Washpo report exposes corrupt Washington sanctions industry
While the US administration continues to strengthen sanctions, there are worries about their unintended consequences for civilian populations and US foreign policy.
According to a Washington Post investigation, an increase in US sanctions has resulted in the formation of a new lobbying business in Washington, where former officials are recruited by oligarchs, corrupt governments, and corporate interests to influence economic sanctions. Considerable sums from overseas are coming to former politicians and aides, particularly those with Treasury expertise.
An analysis of Justice Department files indicates that foreign spending on sanctions-related lobbying has increased from around $6 million in 2014 to at least $31 million in 2022, mirroring the growth in US penalties.
Domestic corporations spent more than $353 million lobbying in 2022, up from $97 million in 1998. Sanctions compliance barely existed 20 years ago, and now it generates more than $30 billion annually, growing at a 10% rate yearly.
Former lobbyists claim their purpose is to aid the wrongfully accused and serve national interests rather than influencing policymakers.
Multi-million dollar contracts to prevent sanctions
The rise in foreign and corporate expenditure on sanctions-related lobbying in Washington has resulted in the formation of a new influence sector, according to The Post.
As per interviews and federal lobbying records, large monies are pouring to long-time power brokers such as former FBI director Louis Freeh and former Attorney General Michael Mukasey, as well as retired congressmen Tom Daschle and Trent Lott. At least 190 former US officials currently work for lobbying companies that specialize in sanctions.

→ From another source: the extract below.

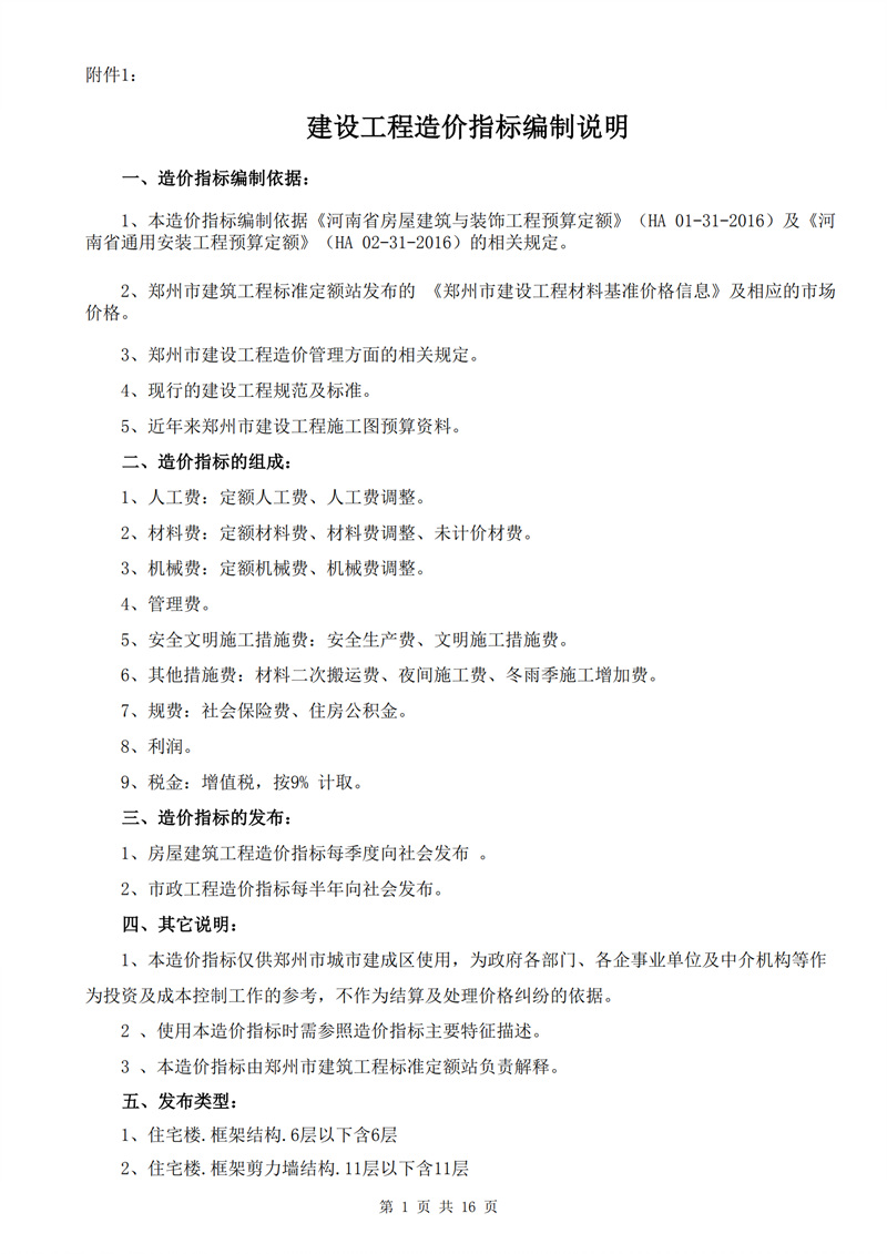 关于发布2019年第4季度郑州市建设工程造价指标的通知

The report details multiple instances where foreign businesses, including a Chinese surveillance firm and a government accused of ethnic cleansing, who gave multimillion-dollar lobbying contracts to prevent or remove sanctions. While it is impossible to clearly link lobbying to individual sanctions decisions, the growing interweaving of power and money has raised fears that "US foreign policy can be shaped by the highest bidder," a notion shared by officials.

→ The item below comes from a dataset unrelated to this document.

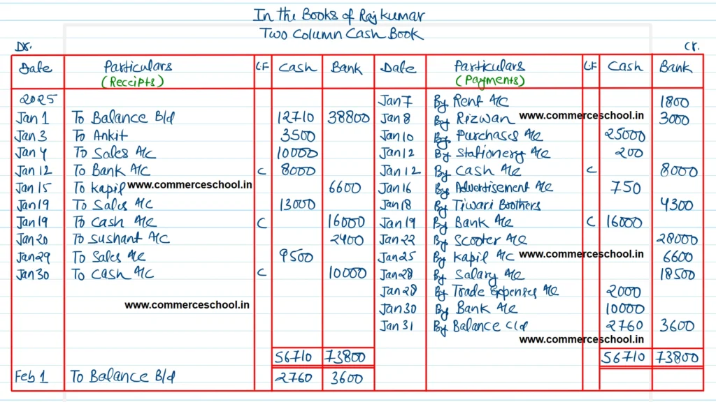 Write up Cash Book of Raj Kumar with Cash and Bank Columns from the following transactions:-

Concerns about the rising impact of the sanctions lobbying business have spurred some White House officials to explore imposing harsher "cooling off" periods for former government officials transitioning to private sector employment, particularly those with possible conflicts of interest. The sanctions sector continues to grow, fueled by the growing number of individuals, businesses, and governments facing economic sanctions.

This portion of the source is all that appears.